You're right -- you would have to estimate the max time step where padding isn't there.

I will test this option out and report back here with the results in case others come across this thread. I will only apply this continued average only to BN(Wx). I will not apply the continued average to the hidden state.

Will post back later with results.

EDIT: I have found that if I just batch normalize the hidden state input, it improves the network! If I apply BN to the tanh(new_c) term it seems to hurt it. Apply BN to W_x input term also seems to hurt.

Will try normalizing input by time-wise and see if this makes a difference and report back.

cooijmanstim commented 8 years ago

You said that you started it with this idea, but you don't think its most optimal. Why do you feel this way? It seems like it should work.

The problem I see is that the timestep-wise normalization destroys the dynamics of the input data. E.g. if your input is a one-dimensional signal such as an audio waveform, the normalization will amplify the quiet parts and attenuate the loud parts. The model won't know which is which anymore, and will easily confuse noise for signal.

More generally, timestepwise estimation works for stationary input signals. If the distribution is not stationary (e.g. there's loud parts and quiet parts), a mean/variance estimate based on such a narrow temporal window is a bad estimate of the global mean/variance.

When you normalize the input sequence-wise, would you include or exclude padded inputs when you compute the mean and variance? From the code you provided, it looks like you would keep the padded frames?

I notice a bug in the code I provided, the variance computation should go

variance = ((embedding - mean)**2 * mask[:, :, None]).sum(axis=[0,1], keepdims=True) / mask.sum(axis=[0,1], keepdims=True)

That is, the multiplication by the mask should be moved outside the squared difference. I multiply by the mask and divide by the number of ones in the mask, so the padded elements do not contribute to the estimate.

I'm very curious to here more about your findings. What kind of data are you working with?

NickShahML commented 8 years ago

Would be happy to help. I run 5 separate Titan X's/980TI's -- so I try to rapidly test as much as possible. Models usually have two or three layers of 512 units. I am primarily working with English text data tokenized into words (usually 120 timesteps).

More generally, timestepwise estimation works for stationary input signals. If the distribution is not stationary (e.g. there's loud parts and quiet parts), a mean/variance estimate based on such a narrow temporal window is a bad estimate of the global mean/variance.

If we are indeed going to normalize sequence wise and batch wise, then the words that are "really loud" will be somewhat dampened. This would be skewed even more if you used a small batch size.

Do you think one potential solution is to simply always apply a running mean and variance to each timestep? Instead of normalizing by the specific batch's stats, it would be better to normalize by a running mean and variance. Of course, you could keep a separate running mean and variance for each timestep. Once you pass timestep 10, you apply the same running mean and var throughout.

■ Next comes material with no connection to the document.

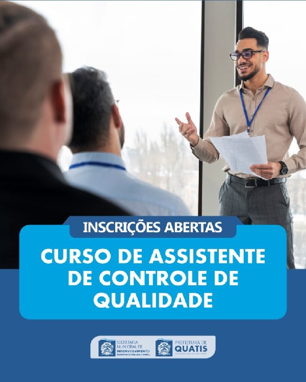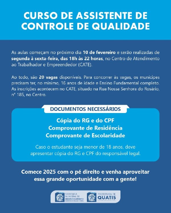 á com inscrições abertas para o curso de Assistente de Controle de Qualidade. A capacitação, que é totalmente gratuita, é uma parceria entre a administração municipal e o Serviço Nacional de Aprendizagem Industrial (Firjan SENAI). Ao todo, são 20 vagas disponíveis e as inscrições acontecem no Centro de Atendimento ao Trabalhador e Empreendedor (CATE) de Quatis. Para concorrer às vagas, os munícipes precisam ter, no mínimo, 16 anos de idade e Ensino Fundamental completo. Os documentos necessários para a matrícula do curso incluem cópia do RG, CPF, comprovante de residência e comprovante de escolaridade. Caso o estudante seja menor de 18 anos, deve apresentar cópia do RG e CPF do responsável legal. As aulas começam no próximo dia 10 de fevereiro e serão realizadas de segunda à sexta-feira, das 18h às 22 horas, no CATE. A unidade fica na Rua Nossa Senhora do Rosário, n° 185, no centro da cidade.

Findings: I have found that if I normalize the input on layers 2+, it hurts the net, but not as drastically as to when I normalize inputs on layer 1.

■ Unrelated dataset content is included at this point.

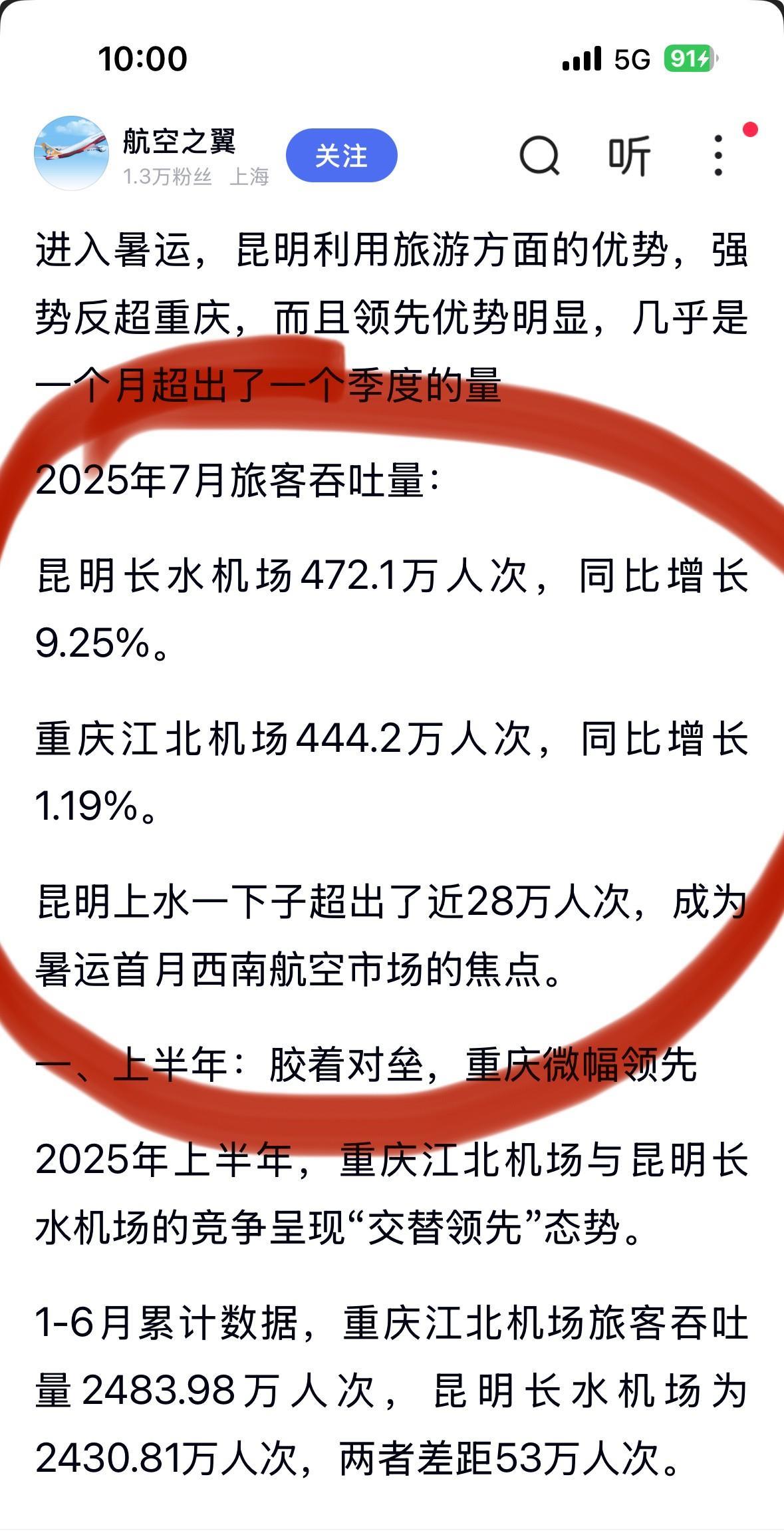 重庆东站的建成通车,可能对重庆江北机场造成了负面影响吧?今年暑假,2025年夏天,重庆江北机场被云南省昆明市长水机场反杀了! 后年,2027年渝昆高铁全线通车运营后,无论重庆江北机场还是昆明长水机场,可能都会被负面影响一段时间,也许两三年,甚至三五年。 未来三五年,重庆高铁网建设持续成网,菜园坝高铁站也要建成! 综合而言,重庆江北机场,未来几年,可能经常会被昆明长水机场反杀。 #光线摄影世界曾兰谈天说地# #头号创作者激励计划#

Also noted is that you can raise the learning rate even if you just normalize hidden state input. Using Adam with 0.005 LR (which is pretty high) with a learning rate schedule.

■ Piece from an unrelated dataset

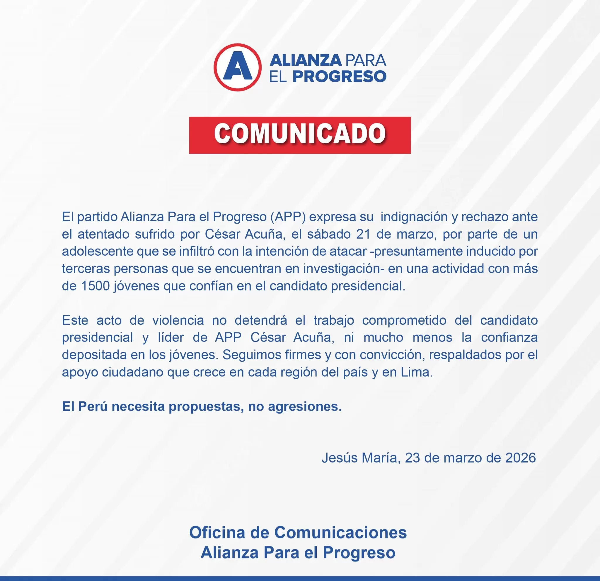 En su pronunciamiento, APP señaló que el agresor habría actuado inducido por terceras personas. El partido indicó que estas personas están siendo investigadas.

I have found that when I apply batch norm to attention, it does hurt it which makes me think that there's something crucially wrong with my implementation. Will comment later when I have more findings.

cooijmanstim commented 8 years ago

If we are indeed going to normalize sequence wise and batch wise, then the words that are "really loud" will be somewhat dampened. This would be skewed even more if you used a small batch size.

I think if your words are one-hot encoded you should be fine (though if your vocabulary is large you may need a larger batch size or do this sequence-wise normalization which effectively increases your sample size). In audio data on the other hand, the input is typically real-valued and its absolute value varies a lot and this variability is highly informative so you don't want to lose it. I suspect this is a part of why batch normalization doesn't seem to help on speech (recurrently or otherwise).

Do you think one potential solution is to simply always apply a running mean and variance to each timestep?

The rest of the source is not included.